=== Given material ===
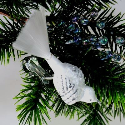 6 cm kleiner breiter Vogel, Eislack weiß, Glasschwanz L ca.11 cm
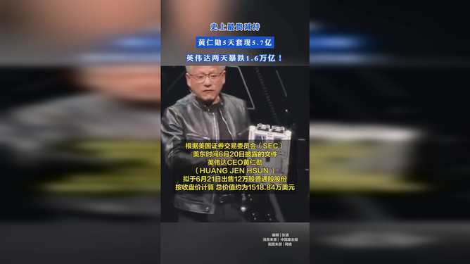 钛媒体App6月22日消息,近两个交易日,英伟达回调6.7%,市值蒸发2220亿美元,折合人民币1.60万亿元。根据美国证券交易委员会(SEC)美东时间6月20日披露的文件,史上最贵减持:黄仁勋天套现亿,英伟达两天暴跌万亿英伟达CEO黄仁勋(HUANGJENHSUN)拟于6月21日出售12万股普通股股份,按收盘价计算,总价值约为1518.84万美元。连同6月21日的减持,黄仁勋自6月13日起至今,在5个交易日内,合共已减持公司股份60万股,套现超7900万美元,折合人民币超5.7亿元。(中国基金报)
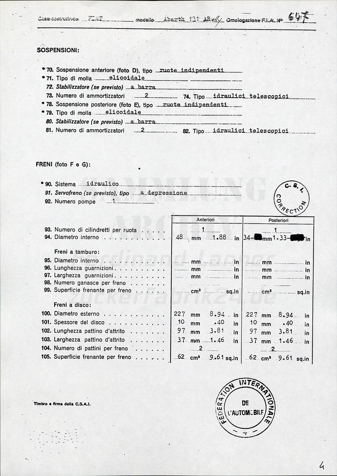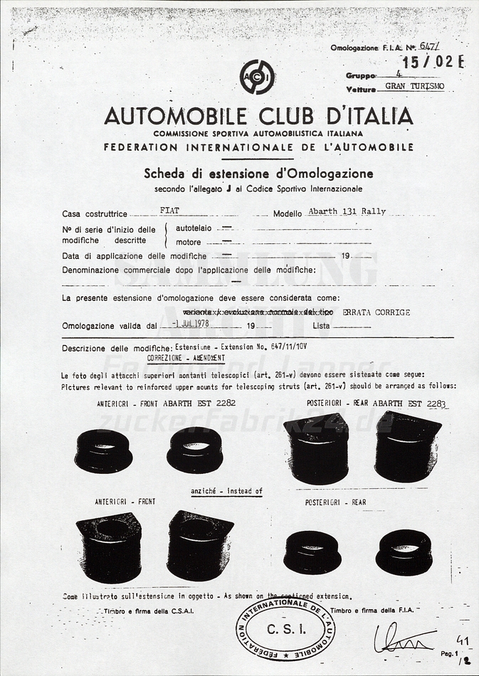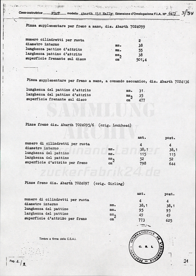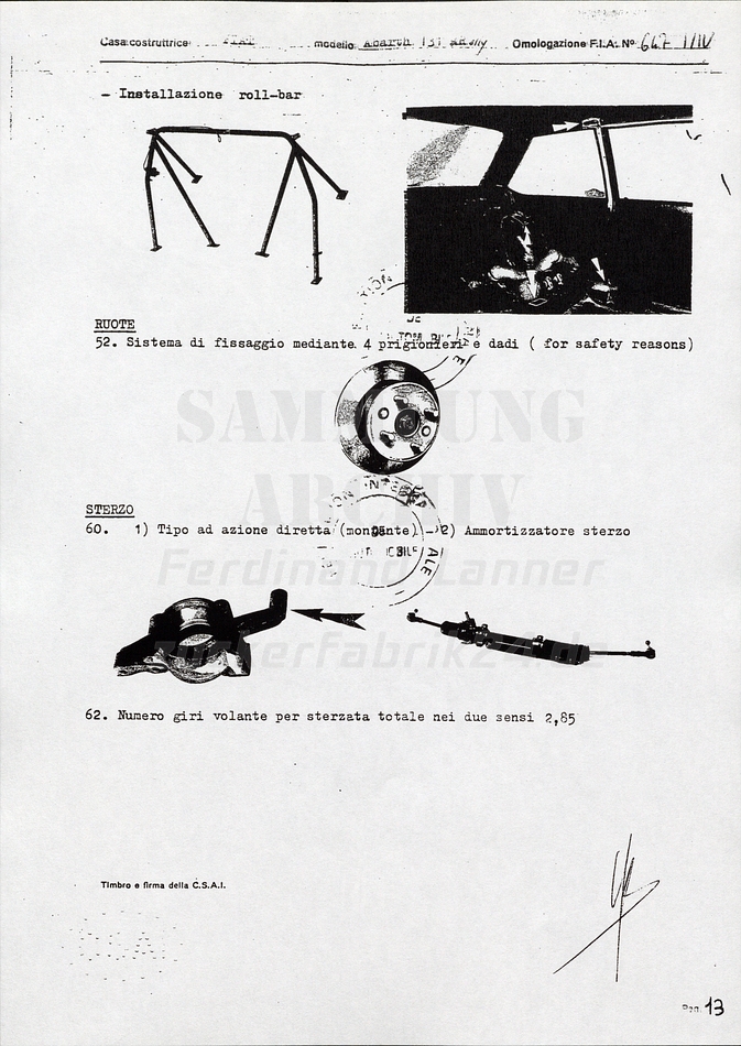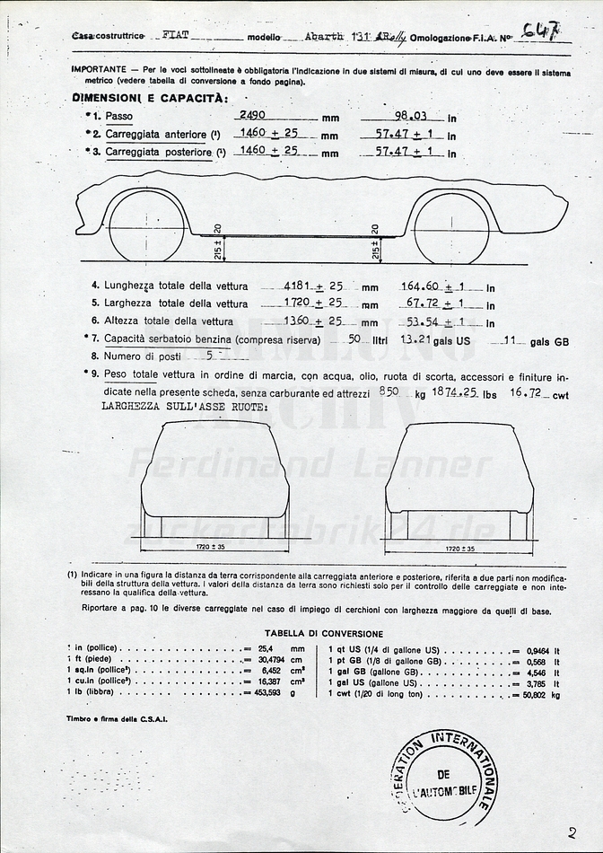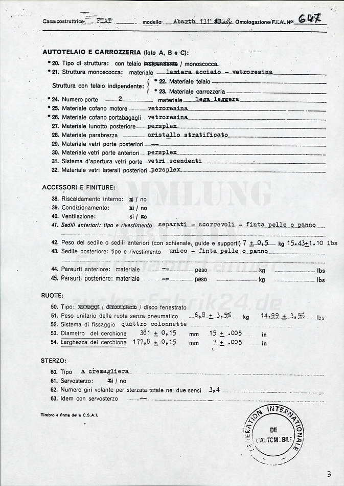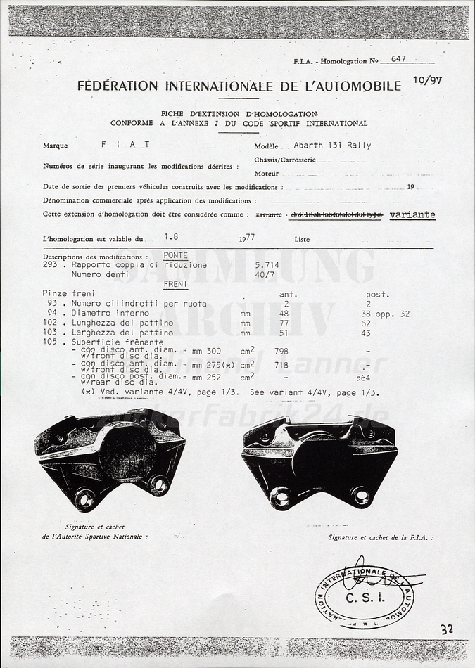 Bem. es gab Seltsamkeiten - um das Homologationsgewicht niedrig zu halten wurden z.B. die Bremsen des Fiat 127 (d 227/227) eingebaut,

=== What to work on ===
Start at the first line and set down all of the data exactly, passing over the pictures.

=== Exercise response ===
 6 cm kleiner breiter Vogel, Eislack weiß, Glasschwanz L ca.11 cm
 钛媒体App6月22日消息,近两个交易日,英伟达回调6.7%,市值蒸发2220亿美元,折合人民币1.60万亿元。根据美国证券交易委员会(SEC)美东时间6月20日披露的文件,史上最贵减持:黄仁勋天套现亿,英伟达两天暴跌万亿英伟达CEO黄仁勋(HUANGJENHSUN)拟于6月21日出售12万股普通股股份,按收盘价计算,总价值约为1518.84万美元。连同6月21日的减持,黄仁勋自6月13日起至今,在5个交易日内,合共已减持公司股份60万股,套现超7900万美元,折合人民币超5.7亿元。(中国基金报)
 Bem. es gab Seltsamkeiten - um das Homologationsgewicht niedrig zu halten wurden z.B. die Bremsen des Fiat 127 (d 227/227) eingebaut,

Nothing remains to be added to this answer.